[Exercise description] Beneath this line are entries. Copy the range from the line with "Excellent work with" to the line with "林間の道を暫く歩く。シラヤマギクらしい花が", ends included, exactly; leave pictures out.

[Task input]

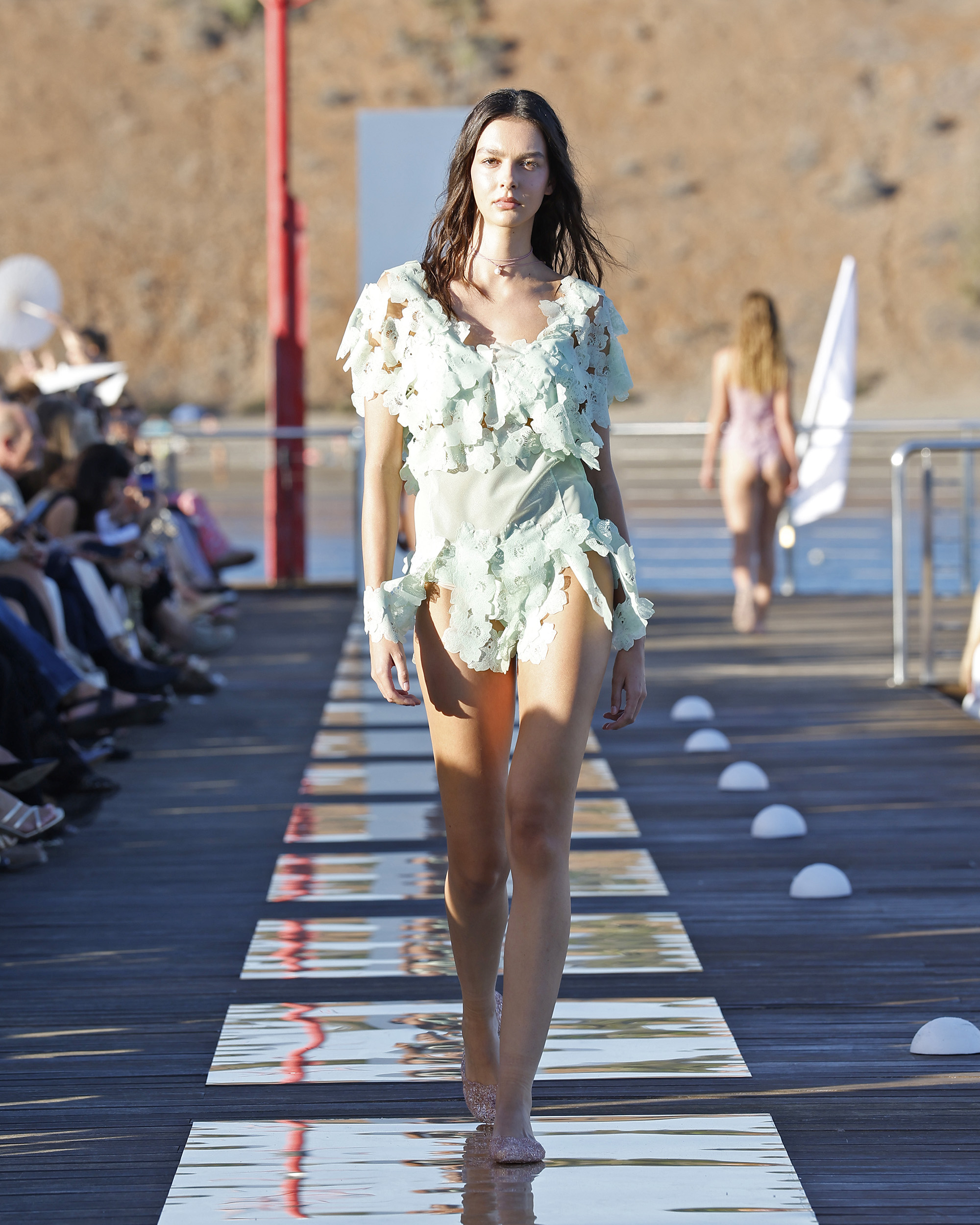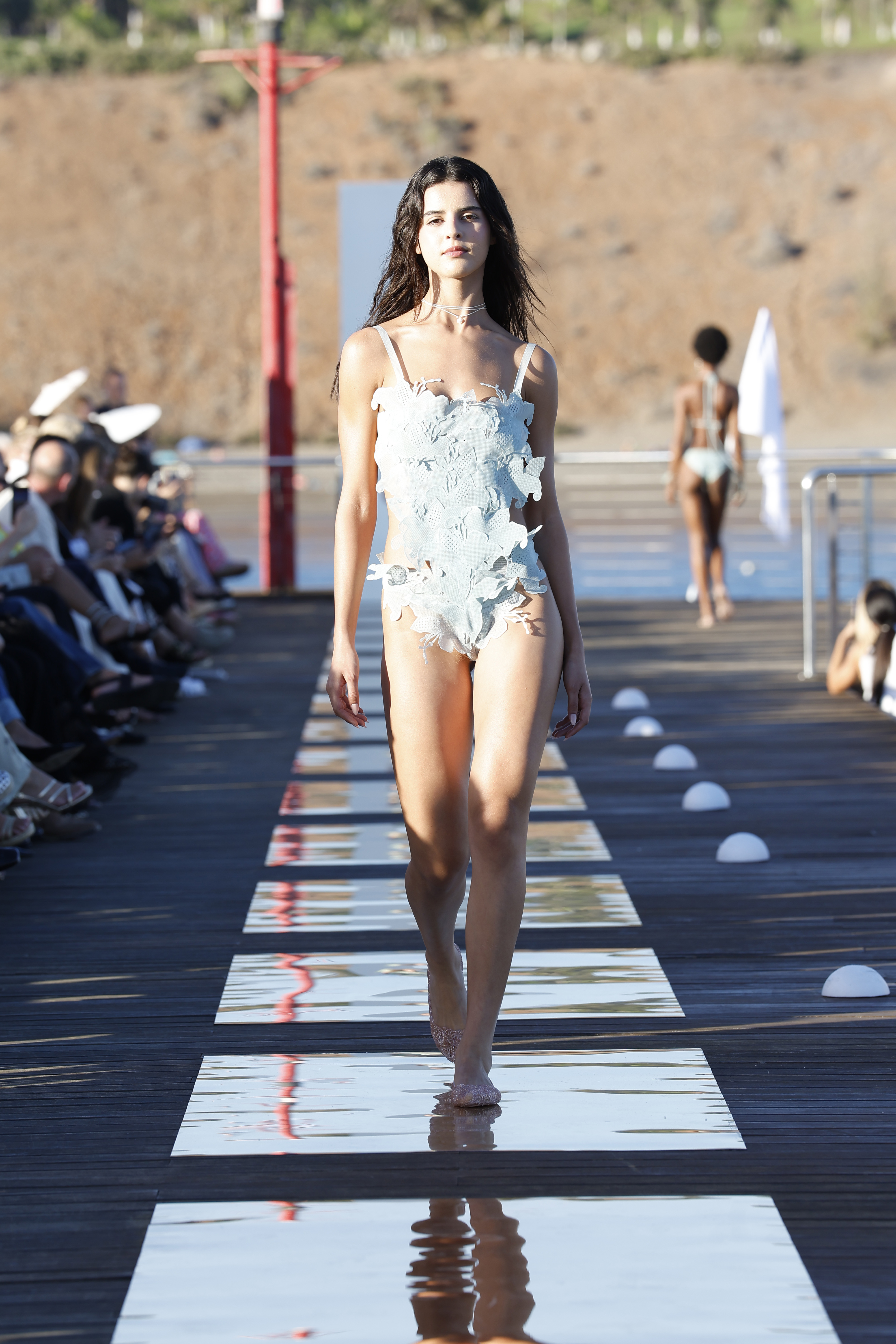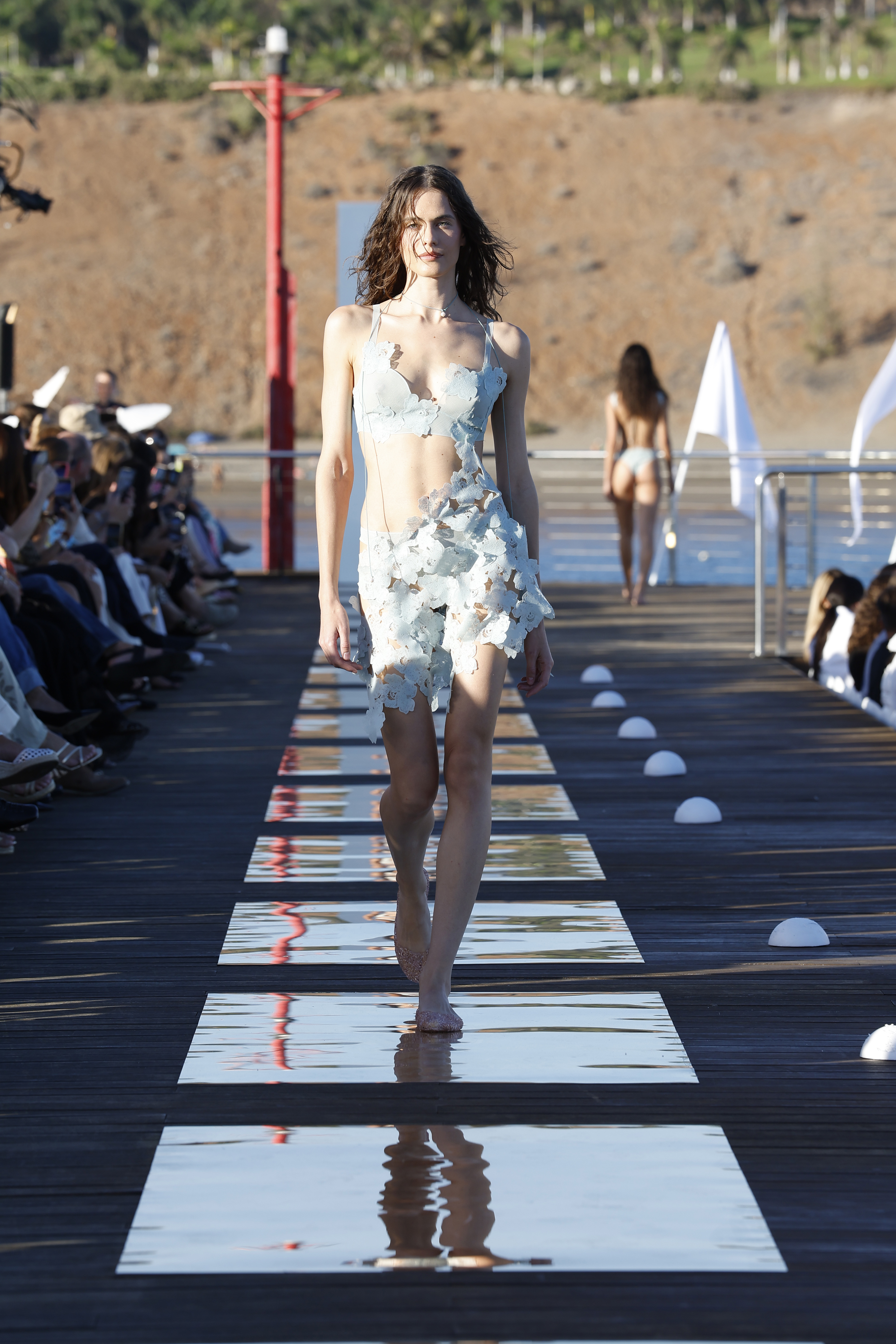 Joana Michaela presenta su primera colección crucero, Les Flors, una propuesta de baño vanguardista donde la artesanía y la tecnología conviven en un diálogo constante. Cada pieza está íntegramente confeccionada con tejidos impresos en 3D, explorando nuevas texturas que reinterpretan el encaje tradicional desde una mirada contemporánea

...

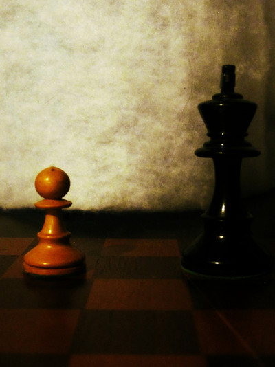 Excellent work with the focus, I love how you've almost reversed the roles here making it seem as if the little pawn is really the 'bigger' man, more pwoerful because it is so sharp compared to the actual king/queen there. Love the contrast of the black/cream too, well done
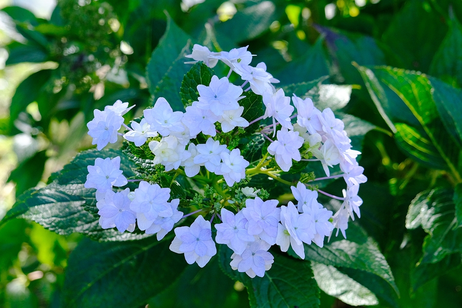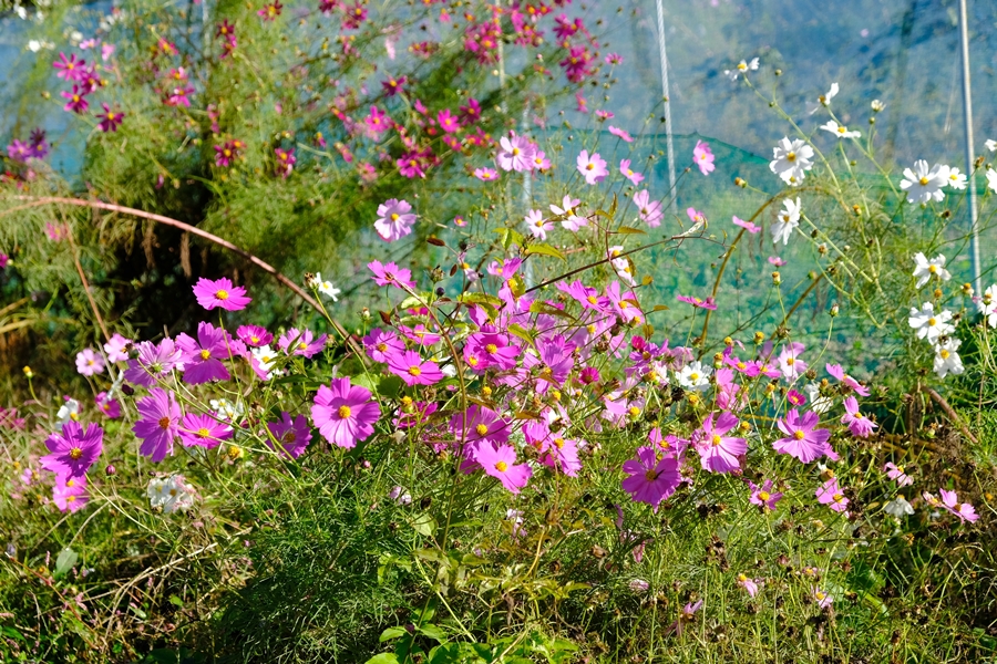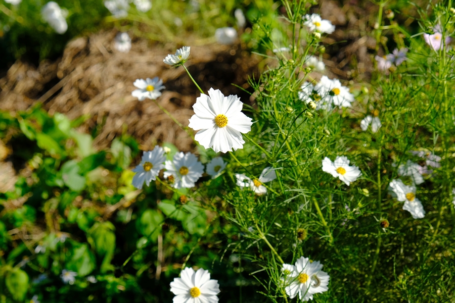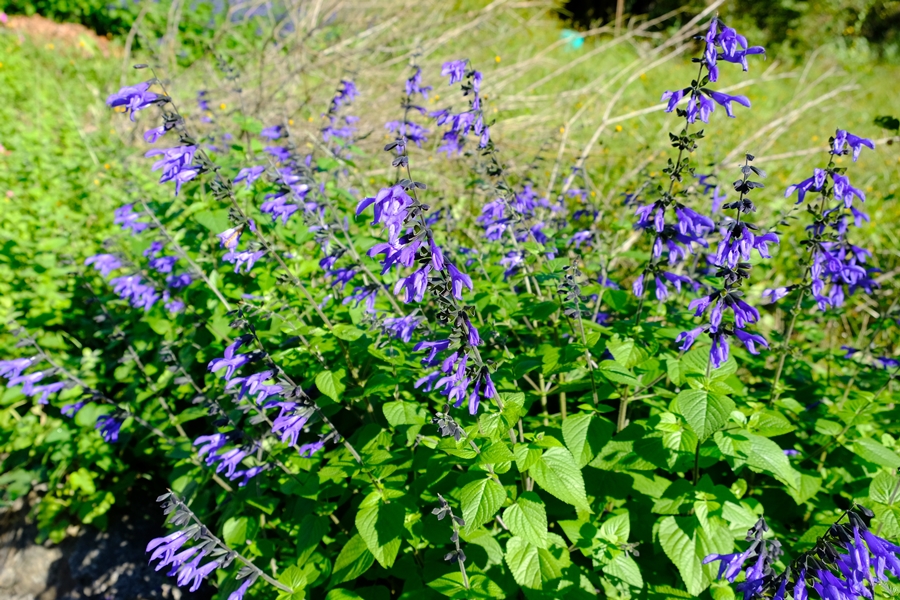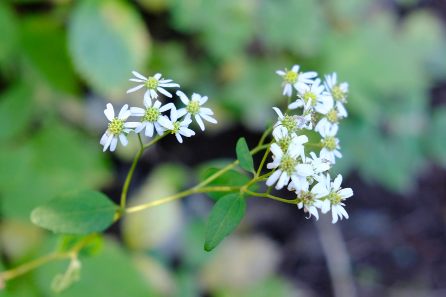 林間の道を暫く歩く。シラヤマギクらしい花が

[Written reply]
 Excellent work with the focus, I love how you've almost reversed the roles here making it seem as if the little pawn is really the 'bigger' man, more pwoerful because it is so sharp compared to the actual king/queen there. Love the contrast of the black/cream too, well done
 林間の道を暫く歩く。シラヤマギクらしい花が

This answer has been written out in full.